File metadata and controls

37 lines (19 loc) · 4.53 KB

Battling

Here, "Battling" is defined as everything that comes after both trainers have sent out their first Pokemon. This excludes team building, and it also excludes the team selection process in versions of the game that have team reveal. Technical Machine currently does not support anything special from team reveal.

Overview

Technical Machine assigns a probability to each of the opponent's possible selections, evaluates the expected score of each of its own selections, and then makes selection that performs best against that distribution, on average. How long it spends on this is determined by two search depth parameters. This is an extension of a minimax search algorithm to let it work in a simultaneous move game.

Action Prediction

See Action Prediction.

Searching the game state

After generating the estimated probability distribution of the foe's selections, Technical Machine tries to determine the expected value of each of its own selections. It does this with a series of searches.

The first search looks at every possible game state that results from each combination of actions up to some number of turns in the future. The number of turns to look ahead is specified by a constant depth parameter.

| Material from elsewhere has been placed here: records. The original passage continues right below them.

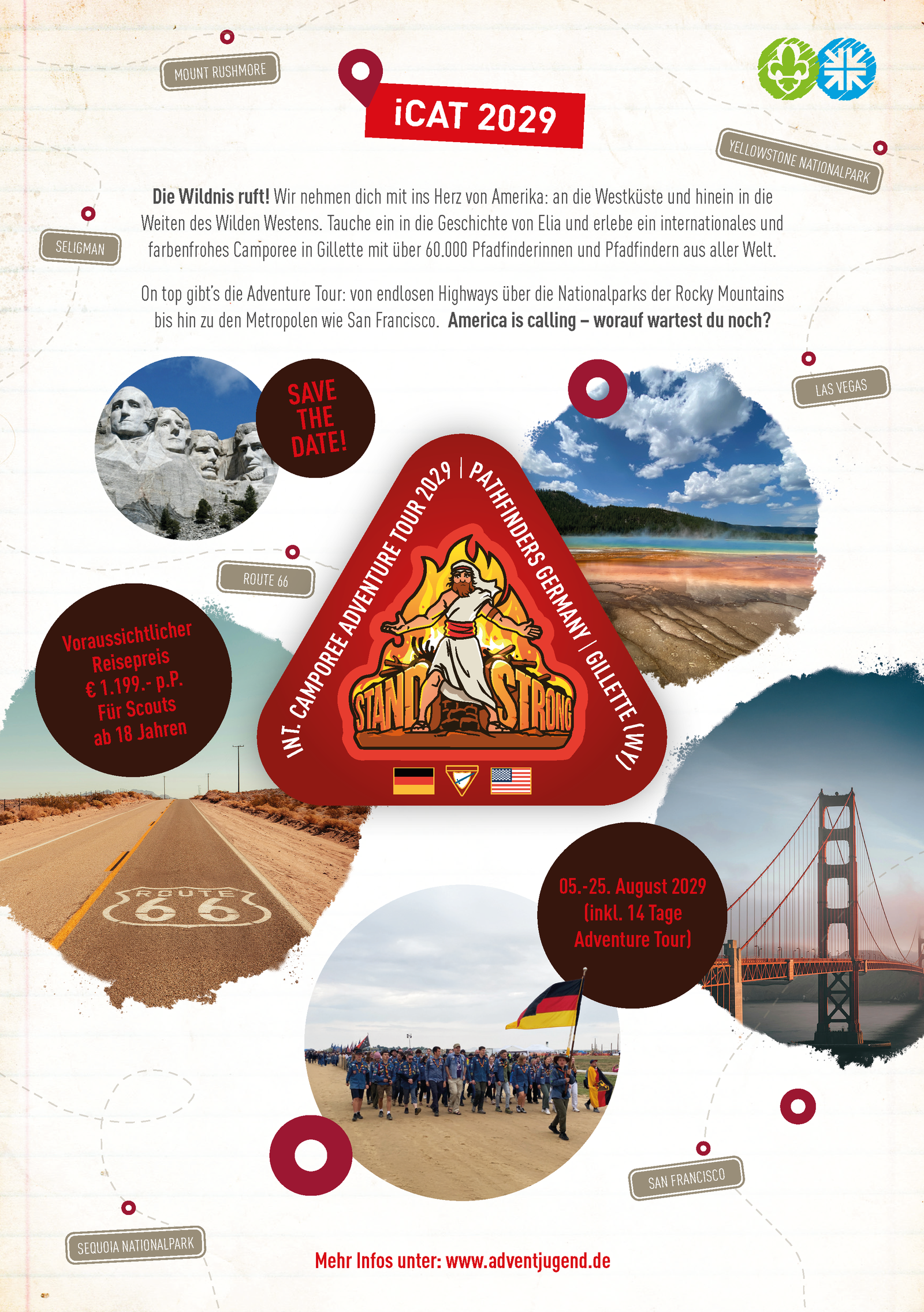 60.000 Pfadfinder aus über 65 Ländern werden beim internationalen Camporee vom 06.-12. August 2029 in Gillette (WY), Amerika erwartet. Sei du einer davon, der sich begeistern lässt von der beeindruckenden Umsetzung des Mottos „Stand Strong“, durch das wir die biblische Geschichte des Propheten Elias erleben werden! Besuche einen der unzähligen Workshops und tauche ein in das weltweite Pfadfinderleben! Entdecke auf der anschließenden
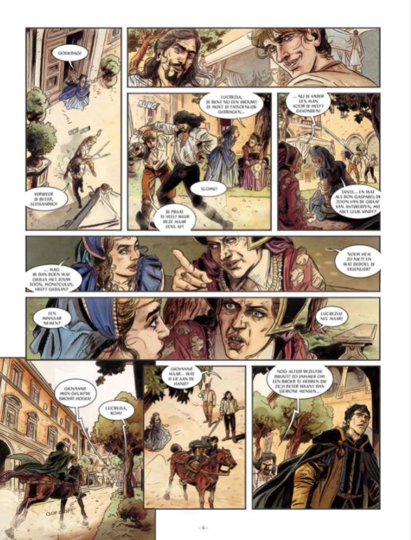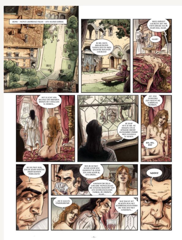 Stripscenariste Mogavino Simona is een Italiaanse (°1974 ) en werkte vroeger voor Paganini & Imbro een prestigieus erkende onderneming in het restaureren van kunstwerken. ze komt via uitgeefster arya Snirnoff in contact met Delalande en Gomez en krijgt de kans met hen een verhaalreeks in Bloed koninginnen te schrijven. Namelijk Eleonora. deze twee stripreeksen kennen we bij ons van haar hand: Ridder Eon Eleonora Striptekenaar Lapo Alessio, ook Italiaan ( °1974 ) tekende ook volgende reeksen in het Nederlands Ridder Eon De Heren van Cornwall Agency Interpol Pausen zijn veel meer dan priesters van Rome, het zijn krijgsheren, diplomaten... of in het geval van Alexander VI: machtswellustelingen met een (on)gezond libido. Met haar scenario geeft Simona Mogavino (Bloedkoninginnen – Eleonora en Catharina De’ Medici) een ongelooflijke inkijk in het turbulente leven van Rodrigo Borgia, beter bekend als paus Alexander VI. Het resultaat is een fraai tijdsdocument verlevendigd door de tekeningen van Alessio Lapo. Bovendien vind je achteraan het album een dossier met nog wat meer historische context Rome, 26 augustus 1492. Rodrigo Borgia, neef en adoptiefzoon van paus Calixtus III, neemt plaats op de pauselijke troon! Dankzij corruptie en politiek gemanoeuvreer in de Romeinse curie verslaat hij zijn grote rivaal, Giuliano delle Rovere, de latere Julius II, en wordt de 214e bisschop van Rome, paus van de katholieke Kerk. Terwijl hij geniet van zijn moment, grommelt het volk… Alexander VI regeert elf jaar lang zonder scrupules. Elf jaar vol schandalen en manipulatie, gesjacher en chantage en hij draait zijn hand ook niet om voor moord en vergiftiging,als het moet. Hij misbruikt zijn macht om zijn eigen familie voor te trekken en een enorme rijkdom te vergaren. Alexander VI heeft niet minder dan zes erkende kinderen, en vast nog wat meer met zijn drie à vier verschillende maîtresses. Deze paus met zijn duivelse reputatie heeft vier passies: familie, vrouwen, luxe en macht!
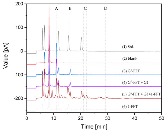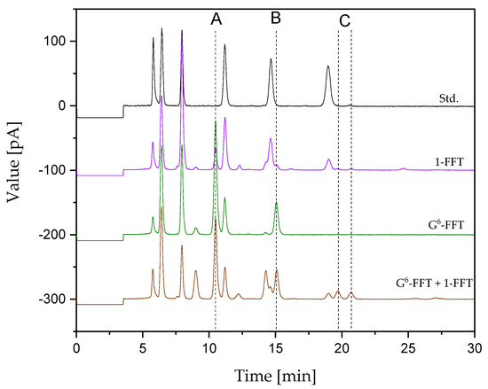 G6-FFT achieved the highest specificity for the neoseries. Given that the composition of the reaction solution in the first and the second steps differed mainly in the neoFOS concentration, the enlarged peak was assigned to the neoseries. Following the elution profile of FOS with different degrees of polymerization, this peak corresponds to a putative GF5 neoFOS species (Figure 11).
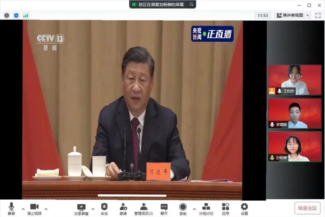 全体师生通过网络会议的形式组织学习观看《庆祝中国共产主义青年团成立100周年大会》线上直播,并展开了热烈的讨论。
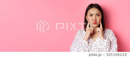Beauty and lifestyle concept. Cute asian woman making grumpy face, poking cheeks and grimacing, standing over pink background
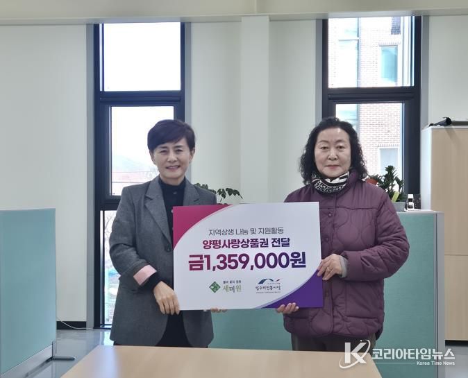 코리아타임뉴스 기동취재팀 | 재단법인 세미원은 지난 22일 최근 관람객이 기부한 양평사랑상품권 총 135만 9천 원을 양수리전통시장상인회에 기부했다고 밝혔다.
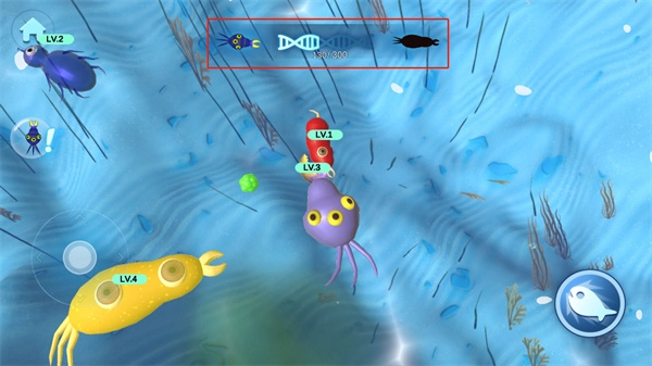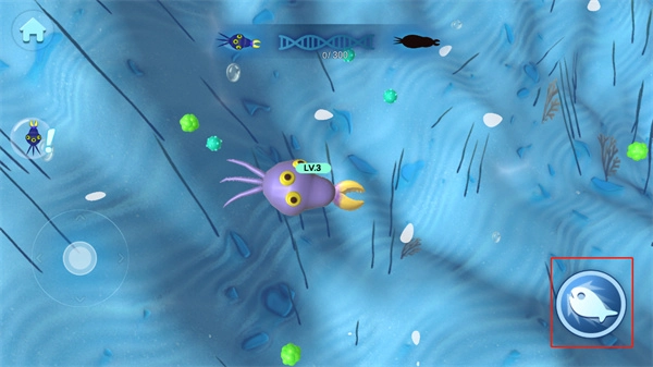 3、游戏界面右下角的按键能够助力细胞实现快速移动,既可以借助它帮助细胞捕捉等级低于自身的细胞,也能通过该按键让细胞躲避等级高于自身的细胞。
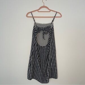 gingham dress, black and white mini dress, tie back dress, open back sundress, cottagecore style, american eagle outfitters, picnic dress, lightweight summer dress, cotton linen blend, adjustable straps, square neckline dress, retro vibe, breezy outfit, gemini core, casual flirty look, cute weekend wear, trendy gingham print, warm weather style, comfy and cute, statement back detail
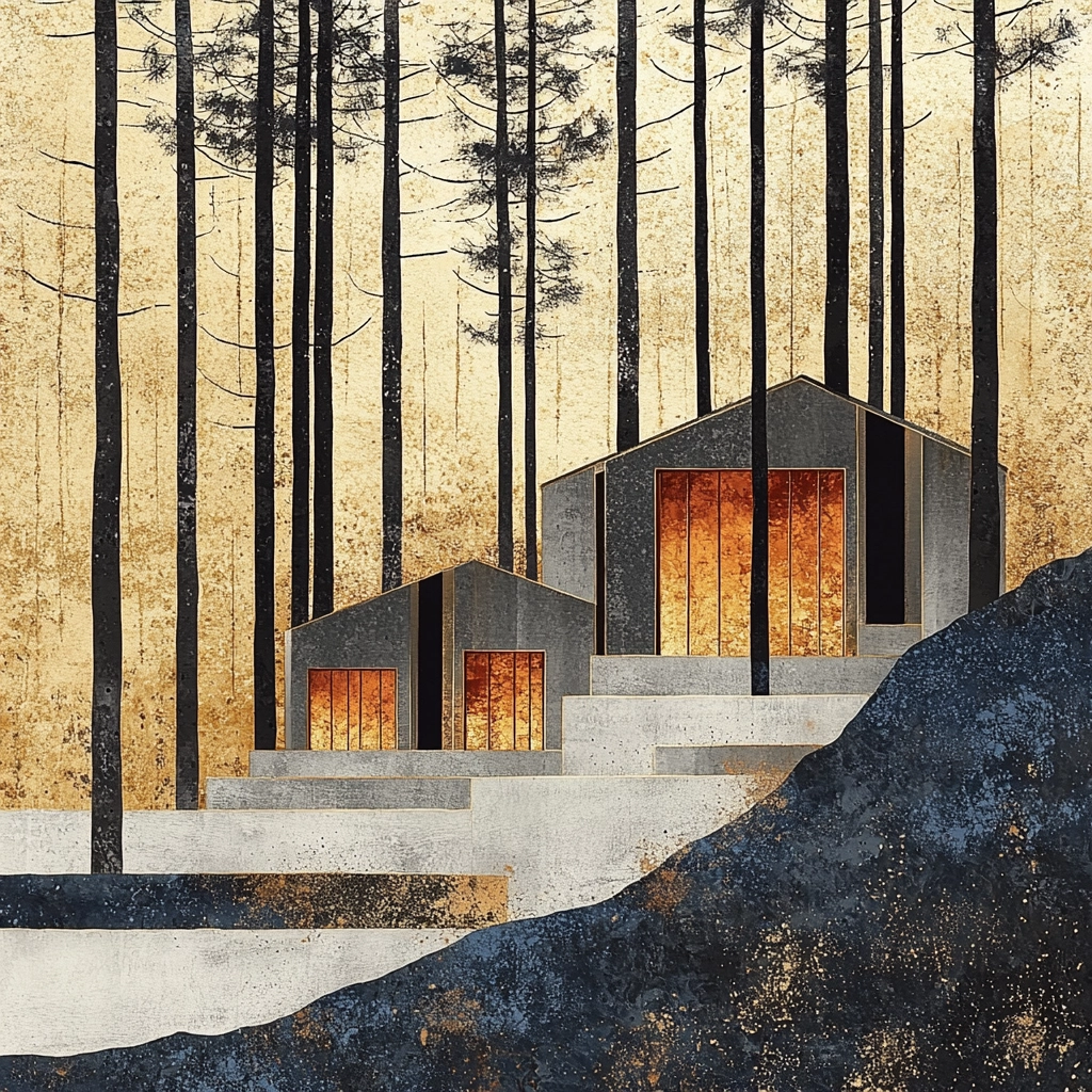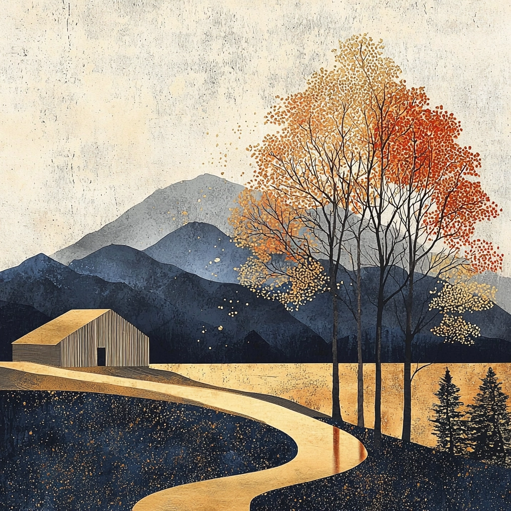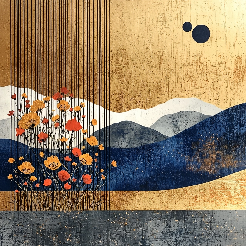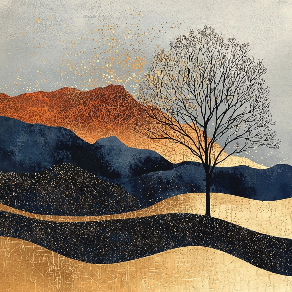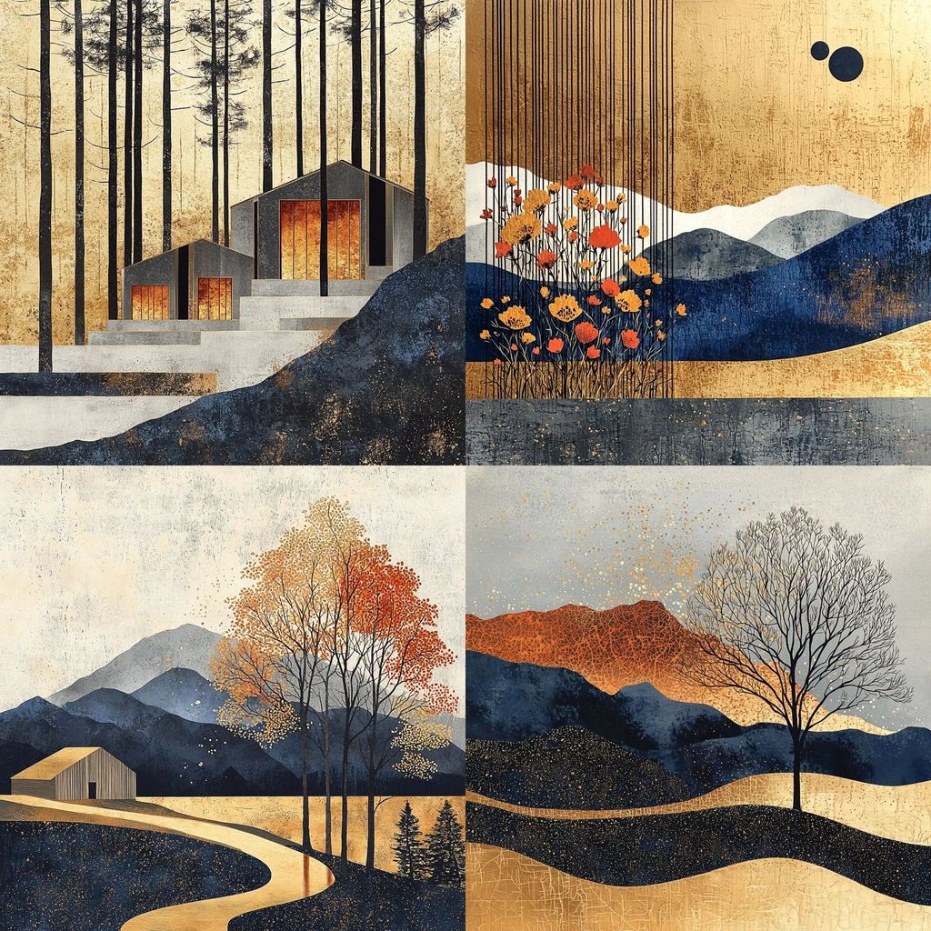 Rich gold and dark blue dominate, creating contrast with textured layers for a balanced visual hierarchy.
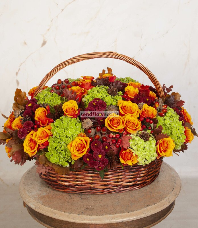 Состав: Гиперикум красный (7), Салал (15), Оазис кирпич (7), Роза Espana (45), Шишка натуральная (15), Корзина большая (1), Дуб красный (5), Хризантема Сантини красная (15), Желудь на вставке (36), Гортензия зеленая СО (9)

After Technical Machine has looked that number of turns ahead, it begins its second layer of searching. For this, it considers every 1v1 match-up of remaining Pokemon on each team. If the Pokemon is not currently out, it is assumed to switch in without the opponent acting or any end-of-turn effects advancing. Then for each 1v1 match-up, the original search algorithm repeats (predict foe selections, evaluate position for each of Technical Machine's selections) up to some number of turns in the future. For each of those terminal states, Technical Machine evaluates the score of the game state using a traditional evaluation function. If one side has more Pokemon remaining than the other side, the side with more Pokemon is assumed to have a match-up against a Pokemon it beats 100% of the time for purposes of scoring to account for this advantage.

Evaluation

The actual evaluation function is quite simple. The only factors it considers are remaining HP%, whether the Pokemon has been revealed, and entry hazards. Each of these values are given a weight. The existing weights were picked arbitrarily and then tuned once to make Stealth Rock less valuable, but otherwise have remained the same since Technical Machine's inception.

The evaluation function used to account for many more factors (things like stat boosts, Reflect, status, etc). However, removing those factors from consideration speeds up evaluation and can be accounted for more organically by just searching to a greater depth.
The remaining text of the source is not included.